* WHAT YOU ARE ASKED TO DO
Leaving out the pictures, please reproduce exactly and only the lines from the one that contains "8 Complete the" through the last line below.

* DATA EXTRACT
- - - - -

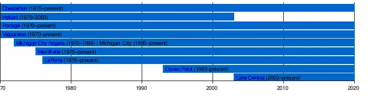 - 1970: Chesterton, Portage, Valparaiso, and Hobart High School began competition as the Duneland Athletic Conference. Chesterton & Portage had been members of the Calumet Conference; Hobart & Valparaiso had been independents.
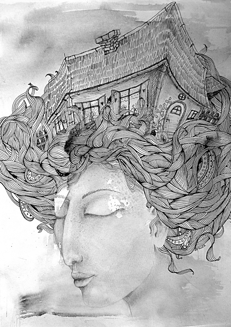 ołówek, piórko, akwarela * tytuł - issa
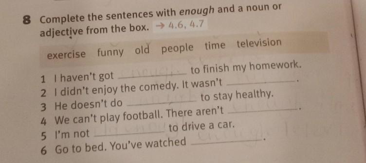 8 Complete the sentences with enough and a noun or adjective from the box. 4.6, 4.7 exercise funny old people time people time television 1 I haven't got - to finish my homework. 2 I didn't enjoy the comedy. It wasn't 3 He doesn't do to stay healthy. 4 We can't play football. There aren't 5 I'm not to drive a car. 6 Go to bed. You've watched
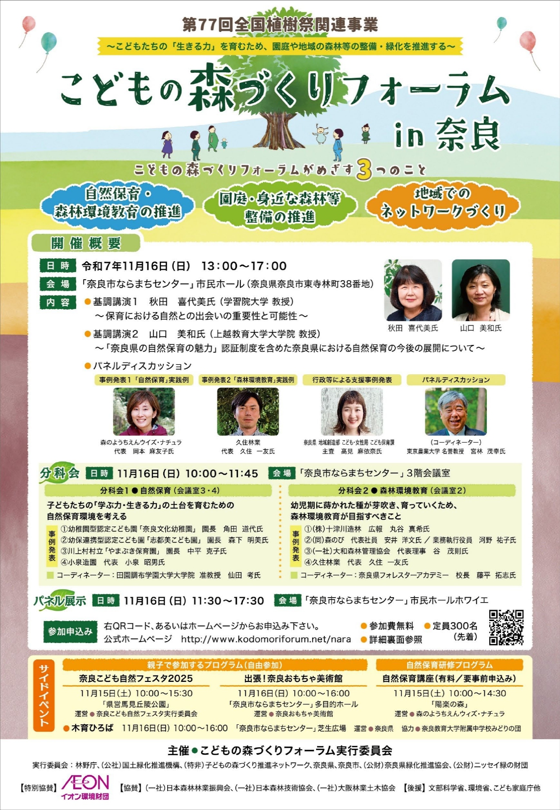 11月16日に「こどもの森づくりフォーラム in 奈良」開催

- - - - -

* EXERCISE OUTPUT
 8 Complete the sentences with enough and a noun or adjective from the box. 4.6, 4.7 exercise funny old people time people time television 1 I haven't got - to finish my homework. 2 I didn't enjoy the comedy. It wasn't 3 He doesn't do to stay healthy. 4 We can't play football. There aren't 5 I'm not to drive a car. 6 Go to bed. You've watched
 11月16日に「こどもの森づくりフォーラム in 奈良」開催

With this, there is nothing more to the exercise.